Reputation: 6764
When I use ANSI characters it works as expected:
>>> import re
>>> r = ur'(\w+)\s+(\w+)\s+(\w+)\?'
>>> s = 'what is it?'
>>> re.sub(r, ur'\1<br>\2<br>\3<br>', s, re.UNICODE)
u'what<br>is<br>it<br>'
But when I change the string s
to a similar one but contains of unicode characters - it doesn't work as I want:
>>> s = u'что это есть?'
>>> re.sub(r, ur'\1<br>\2<br>\3<br>', s, re.UNICODE)
u'\u0427\u0442\u043e \u044d\u0442\u043e \u0435\u0441\u0442\u044c?'
It looks strange (the string stays unchanged) because I use re.UNICODE
in the both cases... However re.match
successfully matches the groups with a UNICODE
flag:
>>> m = re.match(r, s, re.UNICODE)
>>> m.group(1)
u'\u0447\u0442\u043e'
>>> m.group(2)
u'\u044d\u0442\u043e'
>>> m.group(3)
u'\u0435\u0441\u0442\u044c'
Upvotes: 2
Views: 73
Reputation: 381
You have to specify re.UNICODE
as flags
parameter
re.sub(r, ur'\1<br>\2<br>\3<br>', s, flags = re.UNICODE)

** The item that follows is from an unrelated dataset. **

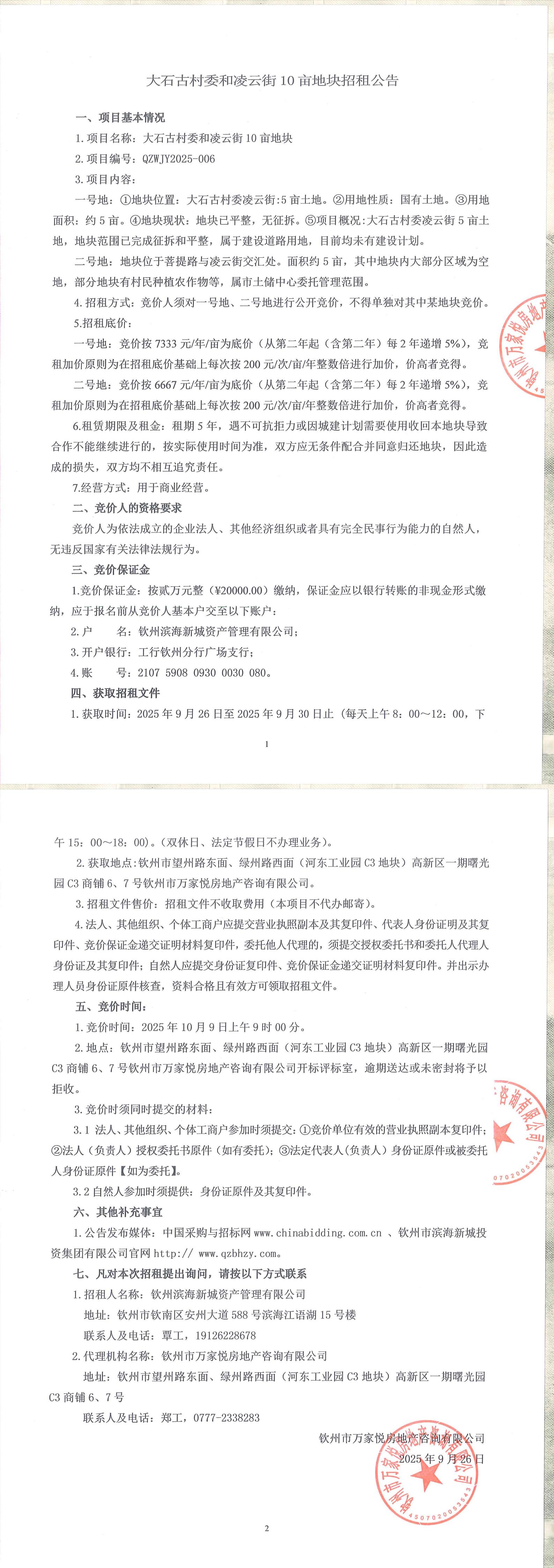 欽州濱海新城資產(chǎn)管理有限公司旺鋪及地塊對外招租公告

Otherwise Python correctly assumes that the 4th parameter is count
, as specified in the re documenation.
Full Example:
#!/usr/bin/env python
# -*- coding: utf-8 -*-
import re
r = ur'(\w+)\s+(\w+)\s+(\w+)\?'
#s = 'what is it?'
s = u'что это есть?'
print re.sub(r, ur'\1<br>\2<br>\3<br>', s, flags = re.UNICODE).encode('utf-8')
Upvotes: 3